Phylogenetic Analyses

BKV sequences of known genotype or subgroup were downloaded from public sources [Luo et al., 2009]. Sequence alignments were done by ClustalX with default parameters [Thompson et al., 1994]. Neighbor Joining trees were constructed in Mega4.1 using the Kimura’s two-parameter method and viewed using Tree explorer [Kumar et al., 2008]. A bootstrap test with 1,000 replicates was used to estimate the confidence of branching patterns in the trees. Genotypes of experimental sequences were assigned by phylogenetic clustering with known reference sequences. BC, DE & HI loops were localized using published literature [Liddington et al., 1991; Murata et al., 2008]. Nucleotide diversity for sequence sets containing the predominant clones from each of the three subject categories was measured. This was done by computing the overall mean distance between all possible comparisons of two sequences in the sequence set of interest. These measurements reflect the mean number of nucleotide differences per site. Calculations are based on the nucleotide substitution model with a Jukes Cantor correction for multiple substitutions (Mega 4.1). The parameters dS and dN were respectively obtained by performing distance calculations on all potential synonymous site (dS) and nonsynonymous (dN) sites using the Nei-Gojobori method with Jukes and Cantor correction. A dN/dS ratio >1.0 was considered to be indicative of positive selection, while a ratio of <1.0 indicated purifying selection.
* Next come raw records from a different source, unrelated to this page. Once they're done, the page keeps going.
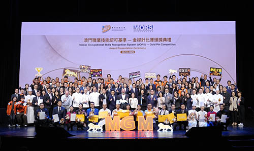 澳門職業技能認可基準是由澳門旅遊大學於2001年在歐盟專家協助下開發的職業技能認證制度。金襟針得主被譽為業界翹楚,憑藉卓越專業技能,通過嚴謹的培訓與競賽,展現與國際標準接軌的實力與水準。今年,美高梅派出60位成員參加金襟針比賽的12個項目,涵蓋餐飲、前台、房務及保安等多個範疇,當中22位成員成功晉身總決賽。
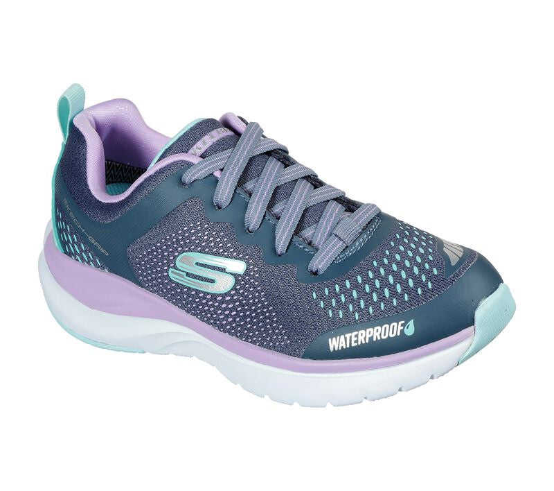 Sporty comfort comes easily rain or shine in Skechers Ultra Groove - Miss Hydro. This lace-up features a waterproof athletic mesh and synthetic upper with a cushioned comfort insole and durable rubber outsole.
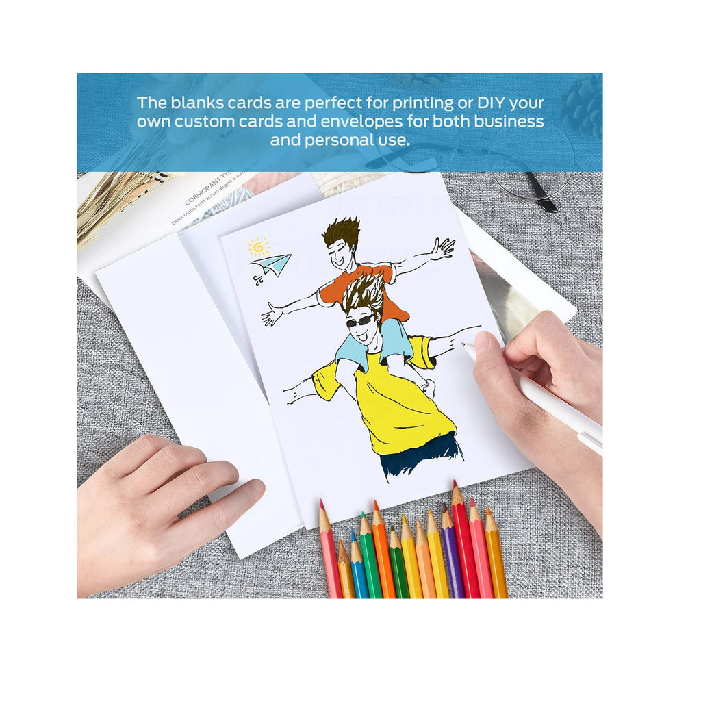 -Blank Greeting Cards & Envelopes Set: Package includes 50pcs 5 x 7 folded blank cards and 50 pcs A7 self-seal envelopes 5.25 x 7.25 inches. Huge number of cards at a low price, you won't run out of cards for a good while! -Professional Quality: Envelopes and cards are made with natural white paper, designed to give each envelope and card a sleeker and more elegant feel. These cards are made of heavyweight strong cardstock. Each card is pre-scored and made of heavy weight 300 GSM cardstock (110lb) that feels thick and sturdy. Envelopes are 120 GSM weight, no see-through worries, protect your information. 100% acid-free and archival safe and are perfect for embossing, calligraphy, drawing and stamping. -Compatible with Inkjet & Laser Printers: When you print on Ohuhu cardstock, your cards will look professionally printed. Ideal for your computerized artwork with LASER, INKJET & COPIER PRINTING, and you can also use them for crafting with markers and watercolors. -Multiple Uses: Excellent for your office stationary, holiday greeting cards, birthdays, weddings, parties, showers, mother's day, father's day, christmas cards thank you cards, and invitations. Save money by making your own Invitations, Announcements. Also perfect for kids to create their own birthday invitations and thank you notes.
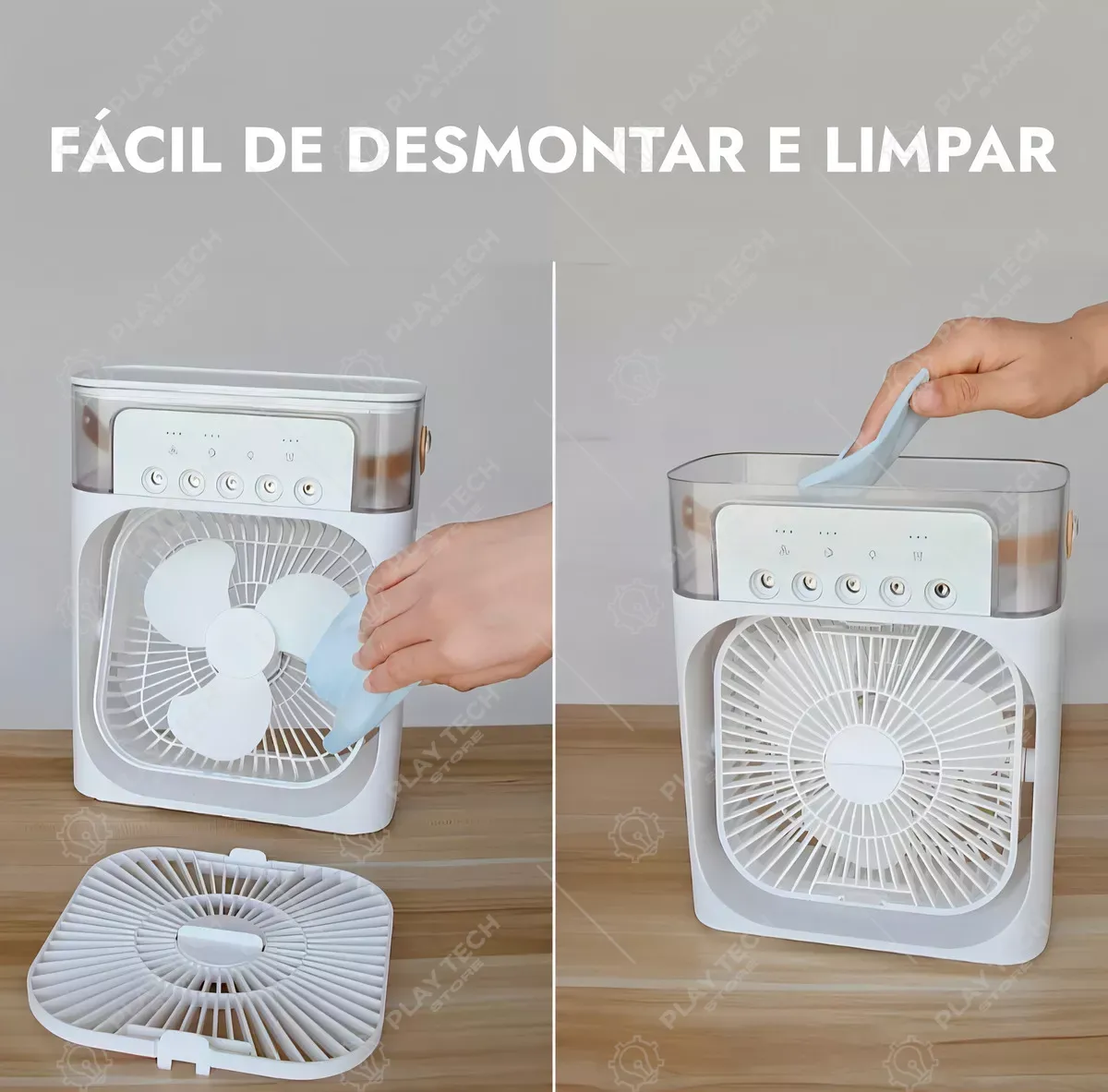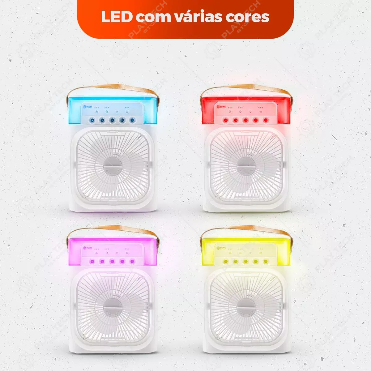 Ventilador Portátil com Iluminação LED e Umidificador – Climatizador Compacto, 3 Velocidades, Cor Variada (SKU: VP-UMIDLED)
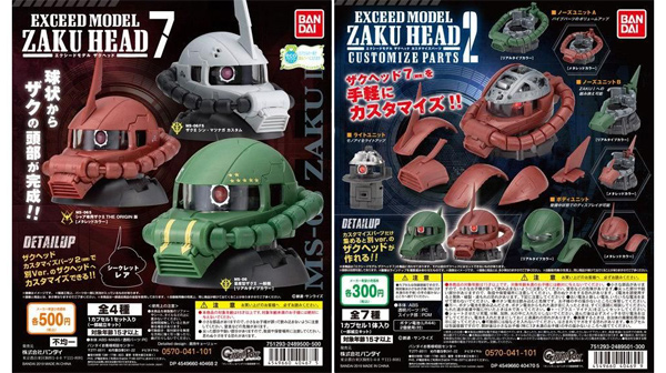 從球狀組裝完成精密MS頭部模型的「機動戰士鋼彈 EXCEED MODEL」系列「ZAKU HEAD 7」和「改裝零件2」,將自10月第1週起依序在日本國內玩具賣場・量販店等處的轉蛋自動販賣機發售。
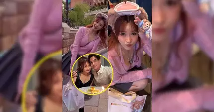 李蔓瑩在社交平台發放的短片中,以男友視角拖著另一人進入主題樂園,畫面溫馨甜蜜。她穿上粉紅色上衣配搭灰色短裙,大方展示修長美腿,頭戴卡通帽配合樂園氛圍,造型心思十足。整日行程由朝玩到黑,Renee在園內跳跳紮紮回復童真,與各種卡通人物擁抱互動,玩得相當盡興。最引人注目的是,她全程與身邊人拖手,動作親密自然。
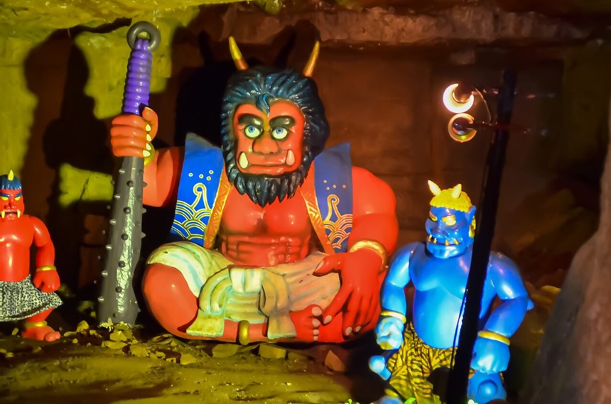 そして10分ほどで鬼ヶ島洞窟に到着しました。大人にはコミカルに見え、子どもにはちょっぴり怖い赤鬼さんが皆さんを迎えてくれます。
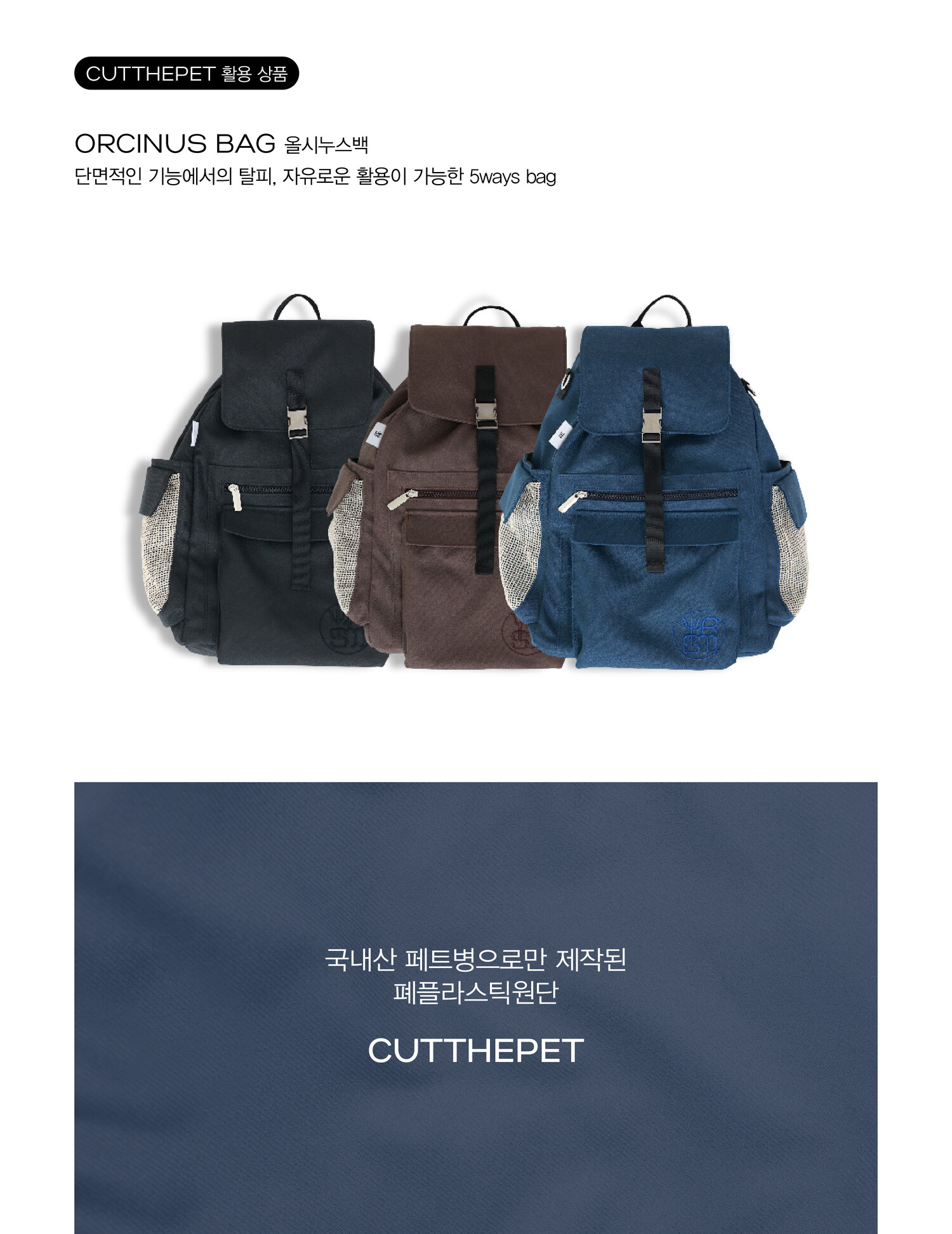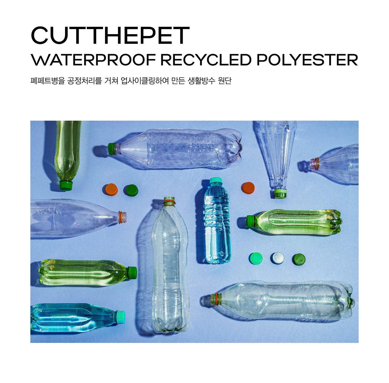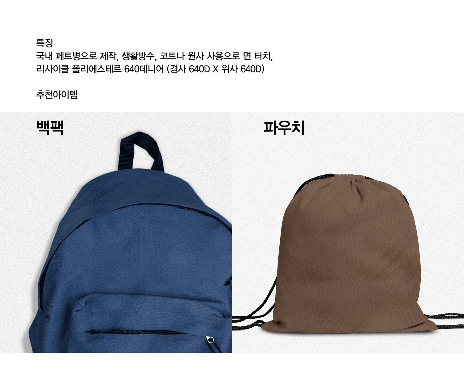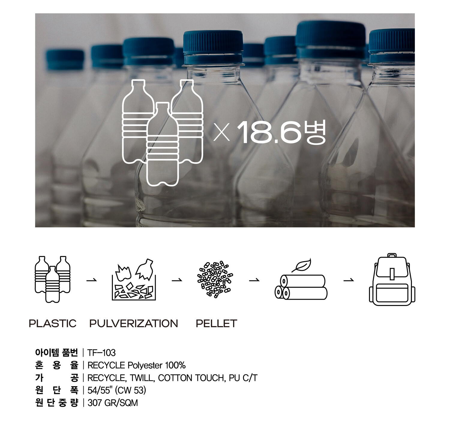 특징 : 국내 페트병으로 제작, 생활방수, 코트나 원사 사용으로 면 터치,리사이클 폴리에스테르 640데니어 (경사 640D X 위사 640D)
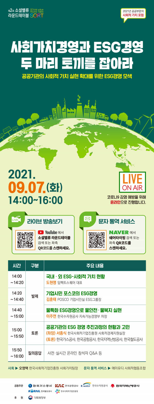 제2회 SORT에서는 공공기관에 적용 가능한 사회적 가치와 ESG 연계 방안을 모색하는 국내·외 ESG-사회적 가치 현황을 시작으로 민간과 공공부문의 ESG경영 사례 및 공공기관의 ESG경영 추진과정의 현황과 고민을 토론에서 논의할 예정이다.
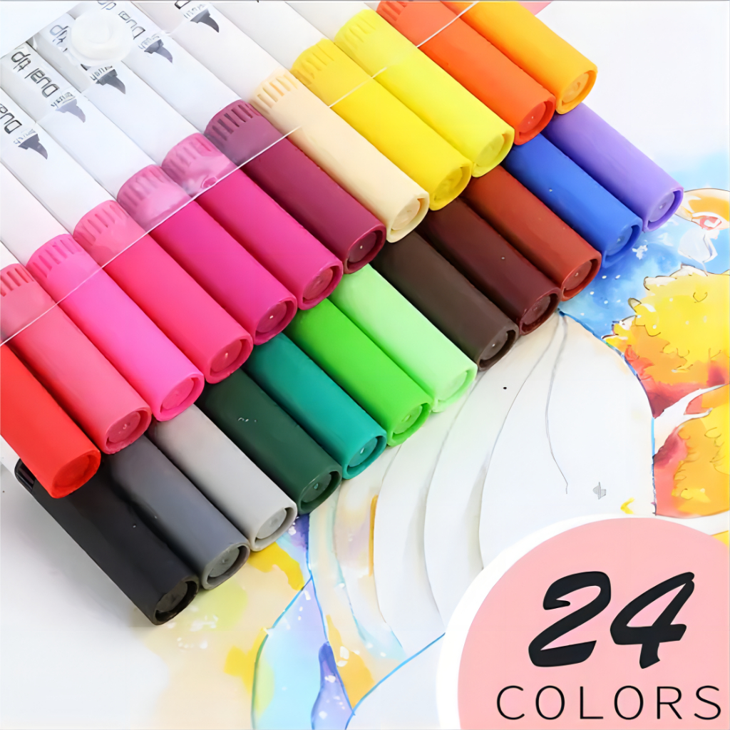 Kit 24 Caneta 2 em 1 Brush Lettering e Ponta Fina Dual Pen Canetinha Colorir Desenho
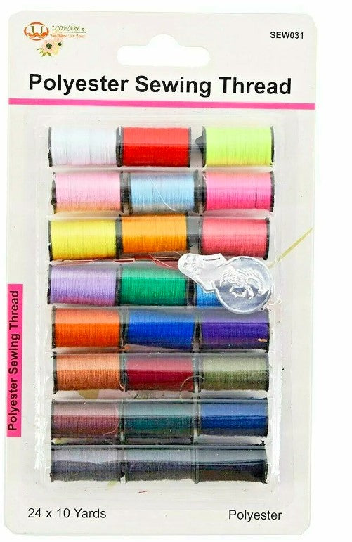24 Spools Polyester Sewing Thread with 24 Assorted Color Threads (10 Yards)
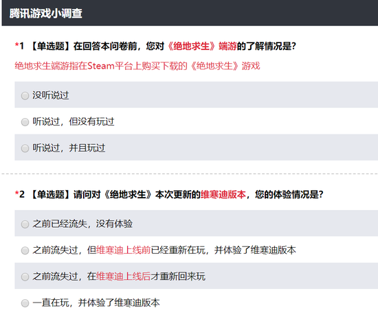 腾讯最近在网上发布了一个约10分钟的《绝地求生》的调查问卷。这份问卷是为PC端玩家量身打造的一份问卷,从玩家何时接触到绝地求生,到玩家对游戏内容的满意度,再到玩家对游戏内细节的看法,都统统包含在了这份问卷调查里面。
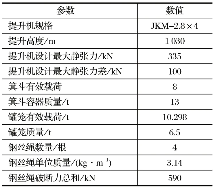 某礦多繩摩擦式提升機參數如表1 所列。
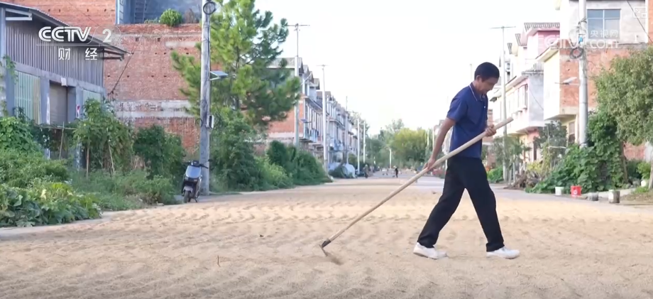 房前屋后、晒谷场上,新收获的稻谷均匀铺开,宛如一块块“金色地毯”,又是一个丰收年。粮食收购点外,满载稻谷的车辆排起长队,过磅、卸粮、当场结算,农户们“粮出手、钱到账”。
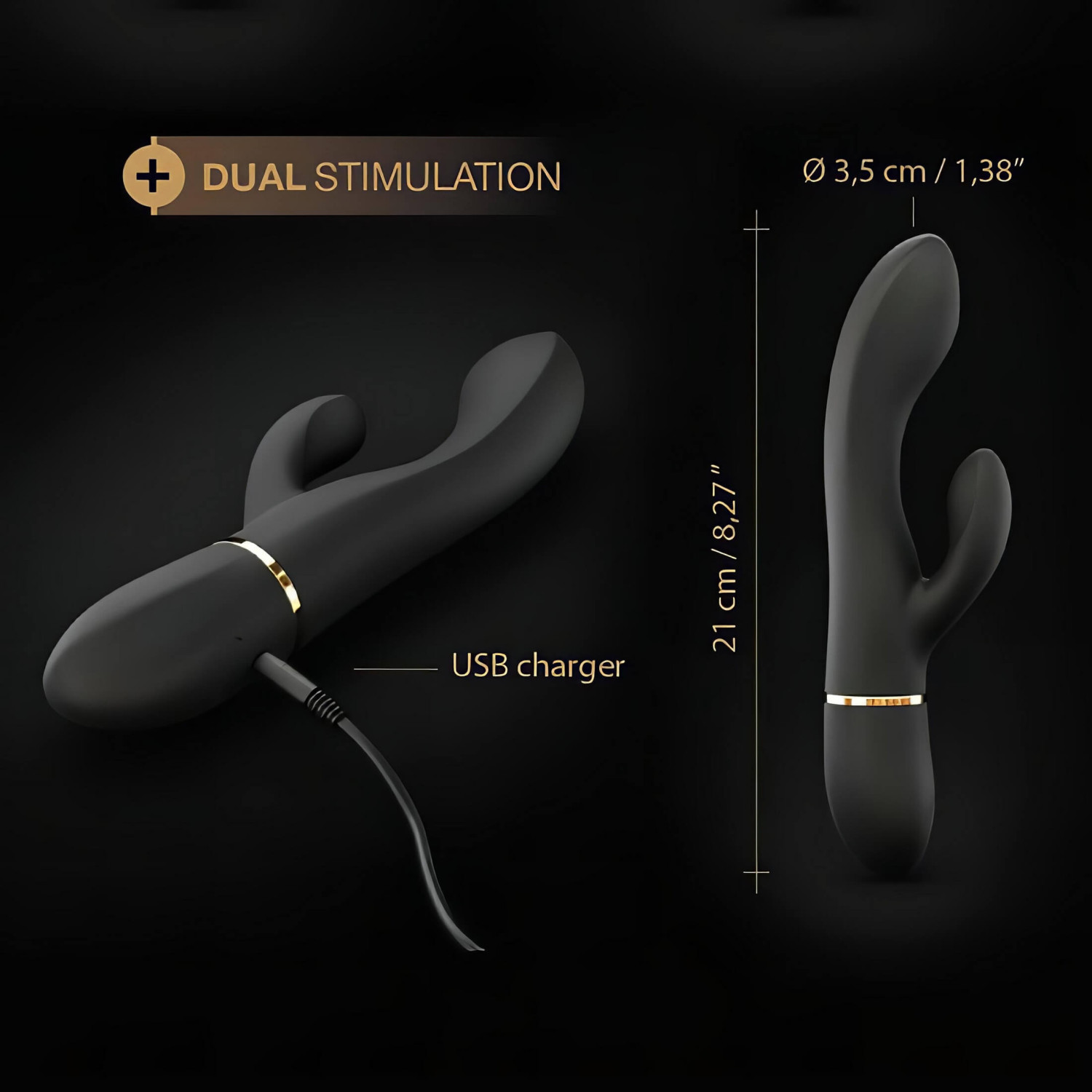 Un vibrator elegant cu design modern, dotat cu două motoare puternice și braț pentru stimularea clitorisului, care îți răsfață în același timp atât clitorisul, cât și punctul G!

Nucleotide and amino acid complexity were assessed for all clonal sequences in any given sample by first calculating Shannon entropy using the formula S = −Σi(pilnpi), where pi is the frequency of each sequence in the viral quasispecies. Then, the normalized entropy, Sn, was calculated using the formula Sn = S/lnN, where N is the total number of sequences analyzed [Minosse et al., 2006]. This quantity can vary from 0 (no diversity) to 1.0 (maximum diversity).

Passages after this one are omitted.